Jeff Newgard, the President and CEO of Bank of Idaho Holding Co., commented on the successful offering. “As a bank, we are focused on supporting small business, the lifeblood of our economy in Idaho. We believe that relationships matter and ultimately people bank with people. That mantra and mission has led us to our growth thus far. We are excited for the opportunities that lie ahead, and we have our sights set on a bright future for Bank of Idaho and the shareholders of Bank of Idaho Holding Co.” Newgard noted.  

Stinson LLP served as counsel to Bank of Idaho Holding Co., and MJC Partners, LLC, served as the sole placement agent for the offering. 


Bank of Idaho Holding Co. was organized in 1997 as the parent company for Bank of Idaho, which received its state banking charter in September 1985. Bank of Idaho Holding Co. is the sole owner of Bank of Idaho, a state-chartered commercial bank, and trades under the symbol BOID. 


With total assets of $551mm and growing, the Idaho Falls-based bank presently has 10 full-service branches in operation across southern Idaho. In addition to retail and commercial banking, Bank of Idaho also offers a full spectrum of trust and investment services, along with mortgage lending. For more information, please visit call (208) 524-5500.


MJC Partners, LLC is a leading Los Angeles-based boutique investment banking and advisory firm providing a full range of strategic, transactional and valuation-related services to clients across multiple industry groups with a focus on financial services. For more information about MJC Partners, visit 


This news release may include forward-looking statements within the meaning of Section 27A of the Securities Act of 1933, as amended, and Section 21E of the Exchange Act of 1934, as amended, and Bank of Idaho Holding Co. and Bank of Idaho (together, the “Company”) intend for such forward-looking statements to be covered by the safe harbor provisions for forward-looking statements contained in the Private Securities Litigation Reform Act of 1995. Future events are difficult to predict, and the expectations described above are necessarily subject to risk and uncertainty that may cause actual results to differ materially and adversely.
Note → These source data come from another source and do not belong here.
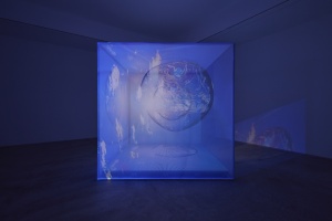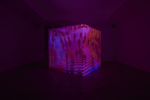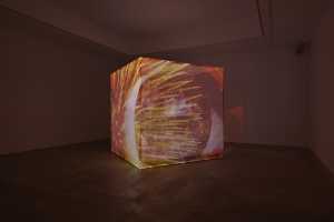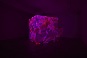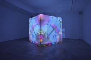 また本展における映像作品は立方体の空間内で体験して頂きます。床面と背面はLEDディスプレイ、壁面と天井部はプロジェクターによって映像が映し出されます。鑑賞者は茶室のような空間に座り、他者と映像体験をともにします。またそうした光景を少し離れたところから鑑賞することもできます。上映する作品は「胡蝶のめぐる季節」、「An eternity in a moment」、「Flashing before our eyes」となる予定です。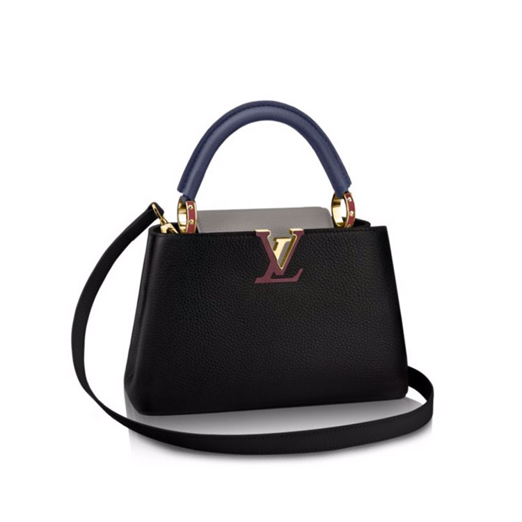 New this season, the Capucines BB in Noir tells an elegant color story: the soft burgundy-gray of the signature flap is a subtle counterpoint to the black Taurillon leather, for an effect as versatile as a neutral, but with a fashion-forward twist.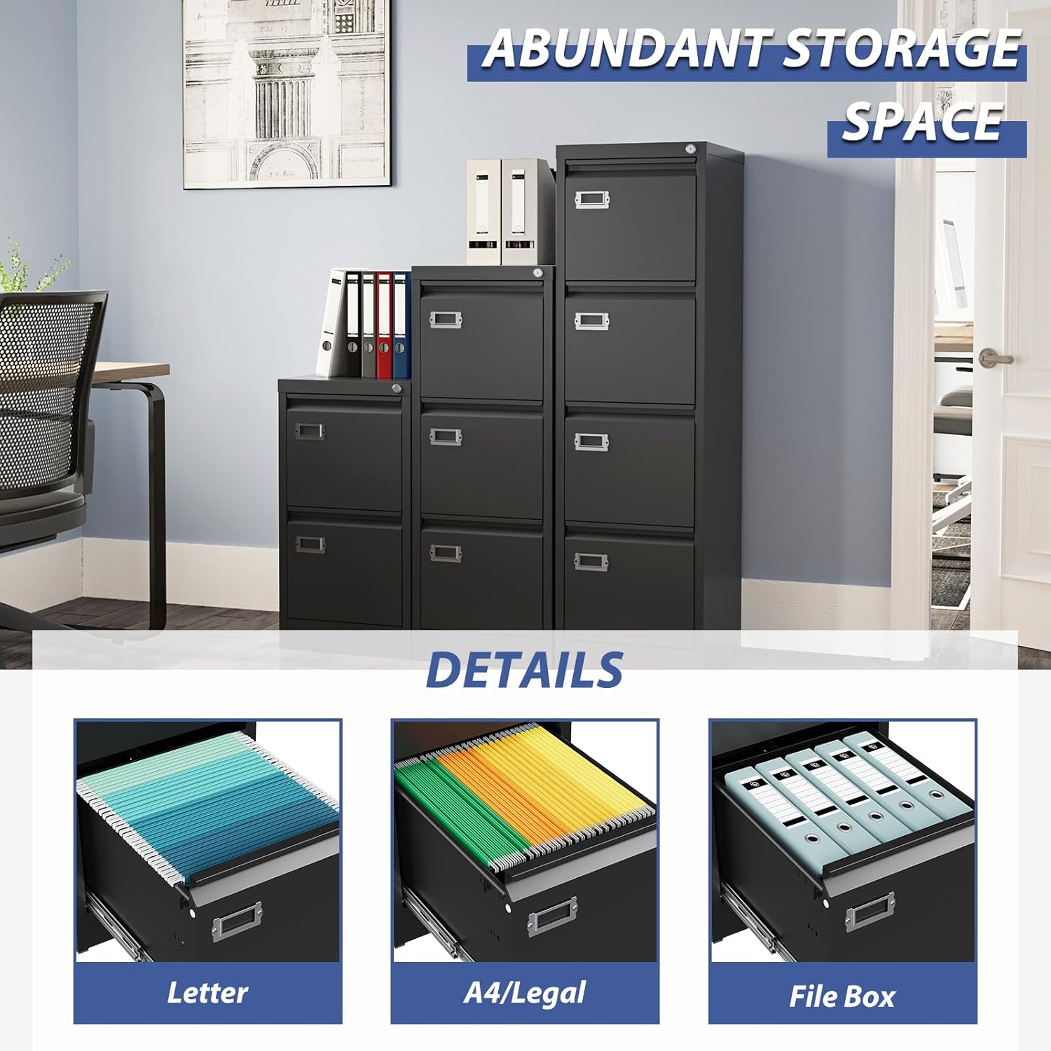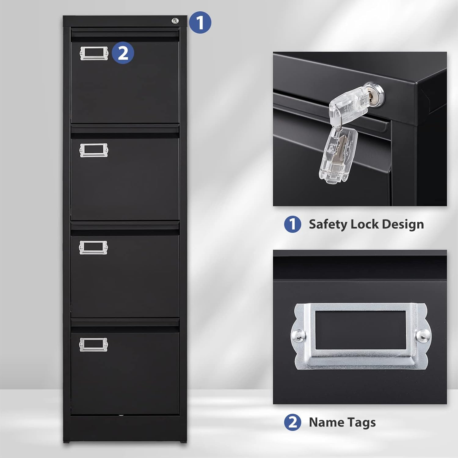 Featuring four spacious drawers, this metal vertical file storage cabinet provides ample space to store all your legal and letter-sized documents. The built-in lock ensures the security of your sensitive files, giving you peace of mind.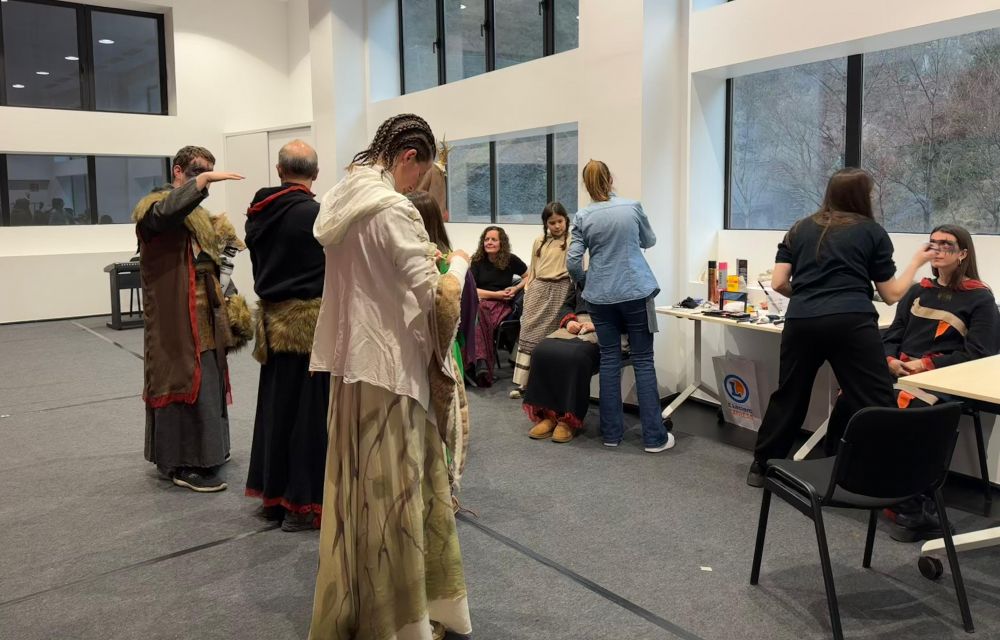 Abans de començar l’assaig els actors es preparen en diverses sales. Es posen el vestuari corresponent, s’ajuden a maquillar-se i esperen l’hora de l’assaig de l’obra entre converses i rialles. La Canolich Giribet, una noia de vint anys que des de petita que actua a 'Els Pastorets' i que actualment fa de Farigola, explica que fan molta germanor: “Som un grup molt bonic, que ens portem molt bé tots entre tots i ens ajudem”.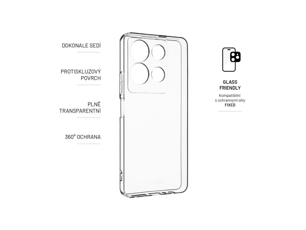 Gelové pouzdro FIXED představuje jednoduchou, ale přesto efektivní ochranu vašeho chytrého telefonu. Je vyrobeno z TPU materiálu, který chrání boky a záda přístroje před poškrabáním, prachem a případnými pády. Plně transparentní provedení nechá vyniknout originálnímu designu vašeho mobilního telefonu. Pouzdro je vyrobeno přesně na míru daného zařízení, nezakrývá nabíjecí ani sluchátkové konektory. Okraje pouzdra lehce přesahují displej a chrání ho tak před poškrábáním, pro maximální ochranu telefonu je však vhodné doplnit pouzdro sklem na displej.
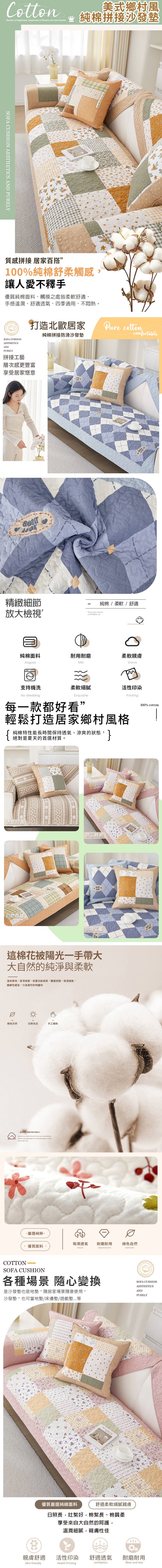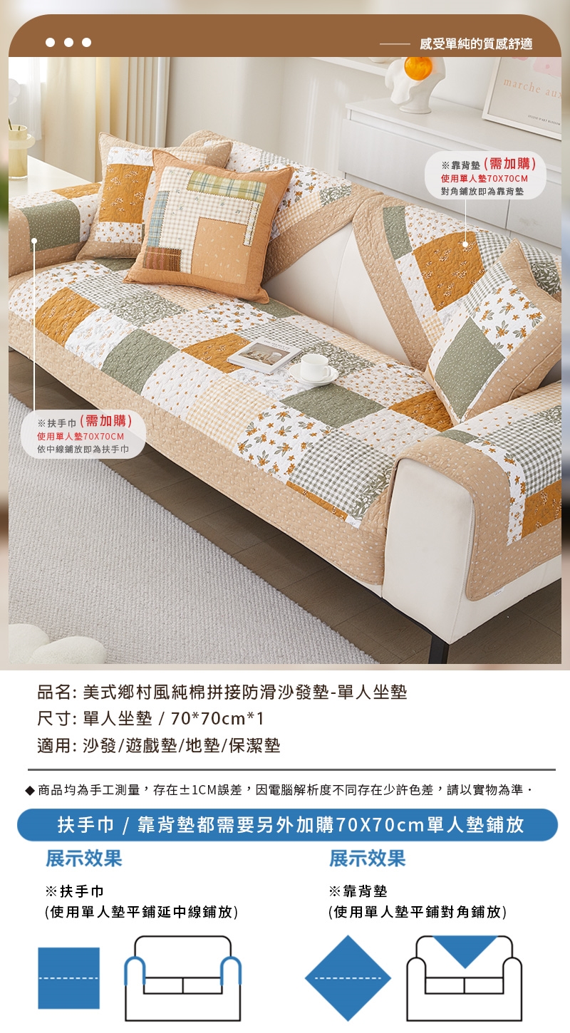 鄉村風純棉拼接透氣舒適防滑沙發墊_單人坐墊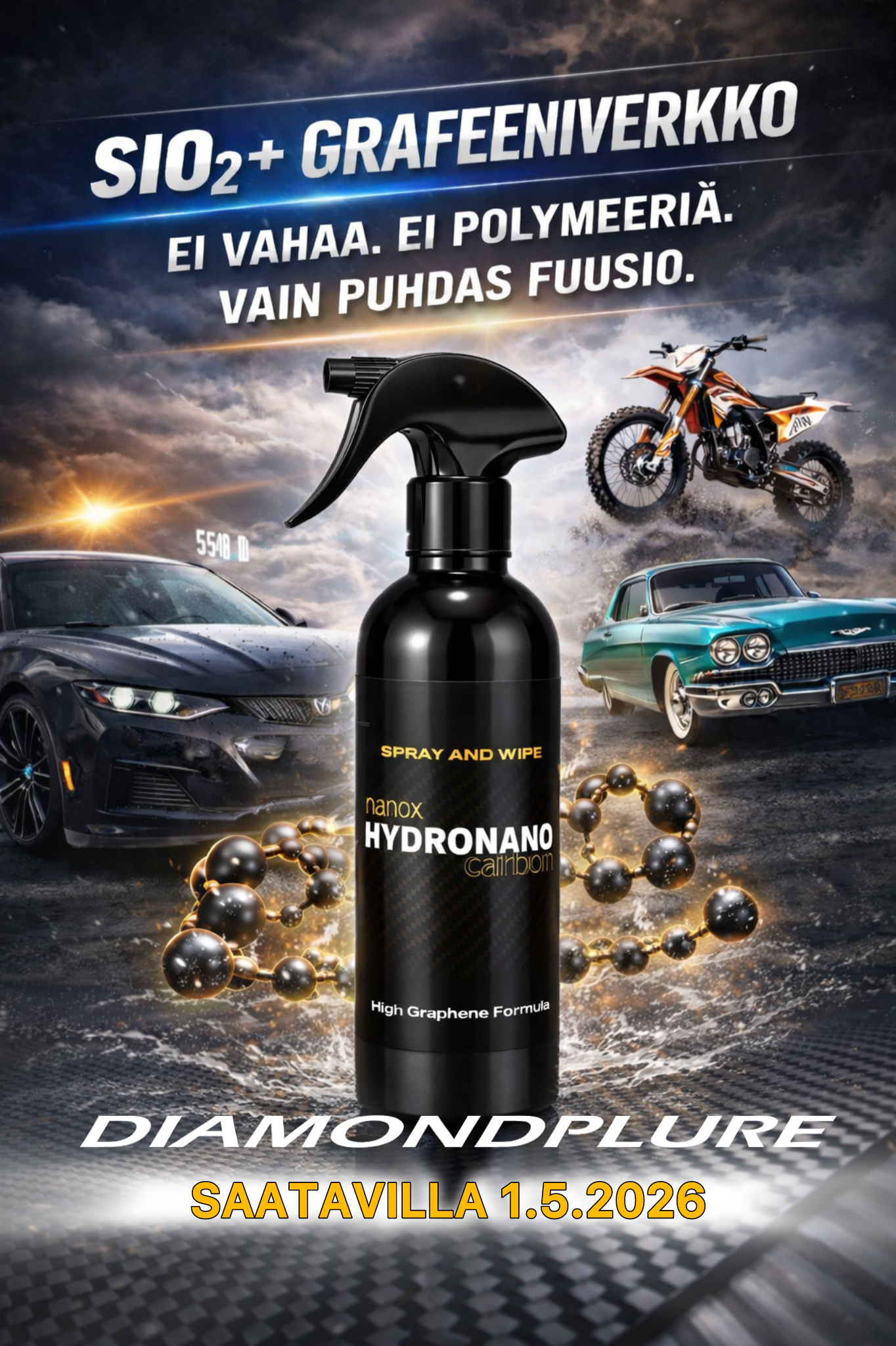 Keraaminen grafeeni hybrid SiO₂-pinnoite autoille ja raskaalle kalustolle.
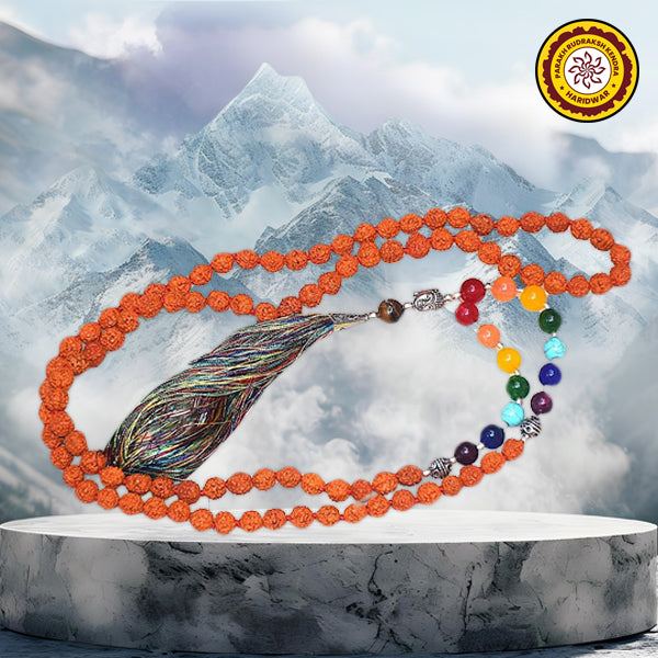 The 7 Chakra 5 Mukhi Rudraksha Mala is a spiritually significant and beautiful mala designed to enhance your meditation practice and promote overall well-being. This mala features 108 beads, each consisting of 5 Mukhi Rudraksha, which are known for their powerful energy and balancing properties. The mala is also adorned with 7 chakra beads representing each of the seven energy centers in the body. These chakras are believed to influence various aspects of physical and mental health, and balancing them can lead to improved harmony and spiritual growth. This mala serves as a powerful tool for meditation, spiritual practice, and daily wear.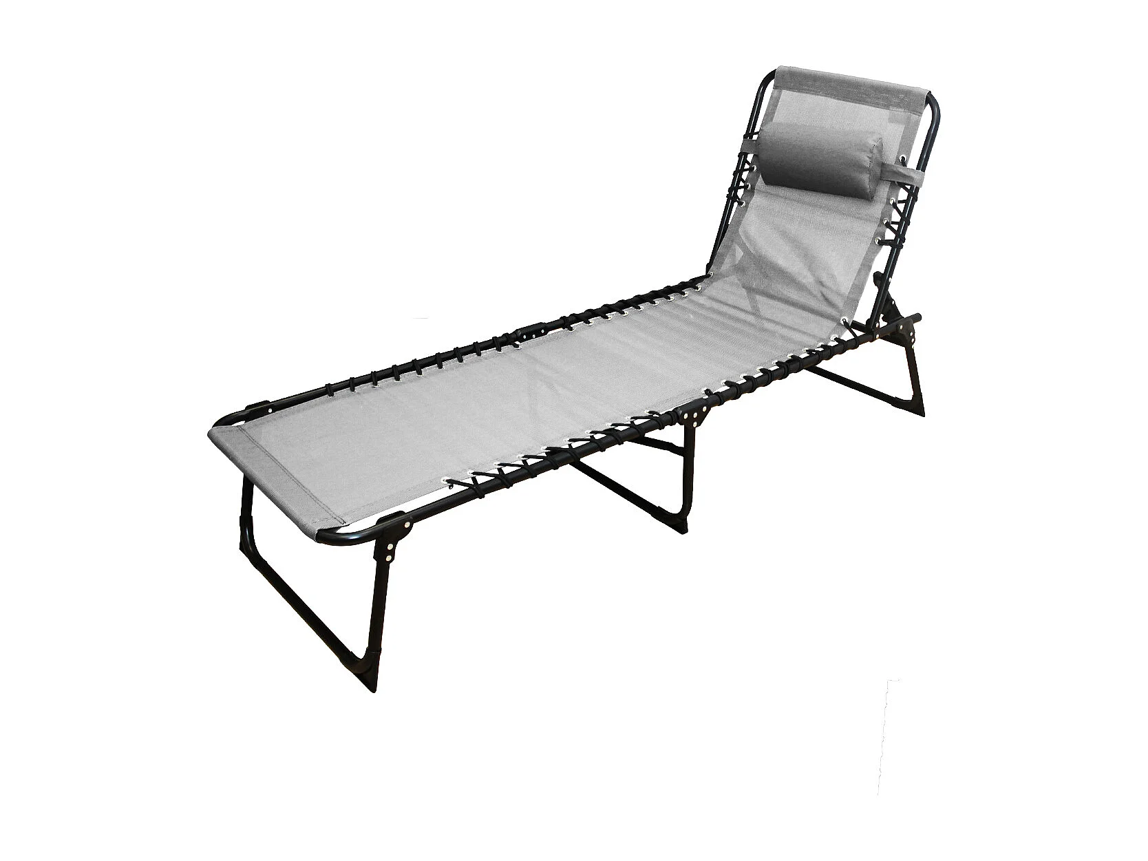 Transat Chaise longue pliante Bain de soleil coloris Gris clair avec coussin - Longueur 188 x Profondeur 55 x Hauteur 30 cm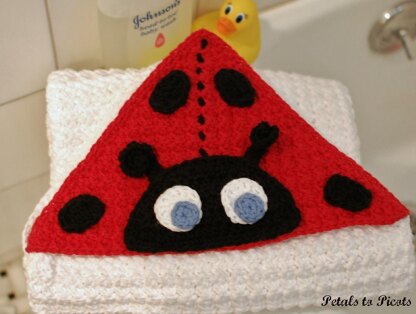 This ladybug hooded towel is not only cute and cuddly but oh so functional as well!! When worked in cotton yarn this textured stitch makes for a super absorbent towel that is sure to become any mom's favorite towel. Perfect gift idea for a baby shower or any new mom. The easy-to-follow pattern includes stitch counts at the end of each row/round and full color photos for ease of use. Written in American English according to Yarn Council standards and guidelines.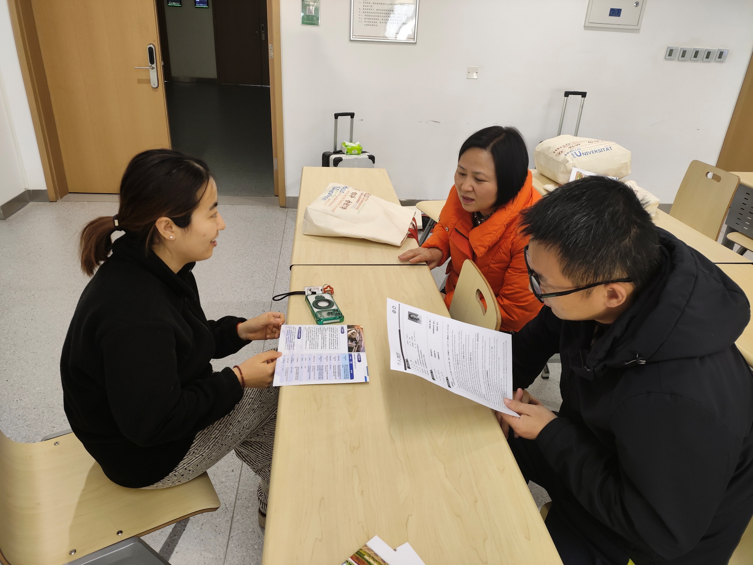 当日下午,在西安交通大学创新港校区力行楼2-6003教室,面向交大机械工程等相关专业的博士生举办了第二场宣讲会,并对现场投递简历的同学进行了初步交流与答疑。为进一步提升引才的精准度和亲和力,谷曼、吴其林与刘威豪三位教师主动深入研究生实验室与工位,与同学们进行面对面、近距离的亲切交谈,关心询问他们的籍贯、研究成果、预计毕业时间及就业意向,并结合个人情况有针对性地介绍合肥大学的发展机遇和合肥城市的活力与潜力,同时发放了学院精心准备的人才引进宣传材料。离校前,同样在公共区域的公告栏张贴了宣传海报,吸引了众多学生驻足观看。

Forward-looking statements can be identified by the fact that they do not relate strictly to historical or current facts. They often include the words “believe,” “expect,” “anticipate,” “intend,” “plan,” “estimate,” or words of similar meaning, or future or conditional verbs such as “will,” “would,” “should,” “could,” or “may.” These forward-looking statements are not guarantees of future performance, nor should they be relied upon as representing management’s views as of any subsequent date. Forward-looking statements involve significant risks and uncertainties and actual results may differ materially from those presented, either expressed or implied, in this news release. Factors that might cause such differences include, but are not limited to: the Company’s ability to successfully execute its business plans and achieve its objectives; changes in general economic and financial market conditions, either nationally or locally, in areas in which the Company conducts its operations; changes in interest rates; continuing consolidation in the financial services industry; new litigation or changes in existing litigation; increased competitive challenges and expanding product and pricing pressures among financial institutions; legislation or regulatory changes which adversely affect the Company’s operations or business; loss of key personnel; and changes in accounting policies or procedures as may be required by the Financial Accounting Standards Board or other regulatory agencies.

The Company undertakes no obligation to publicly revise these forward-looking statements to reflect subsequent events or circumstances.

This announcement is for informational purposes only and does not constitute an offer to sell or the solicitation of an offer to buy securities.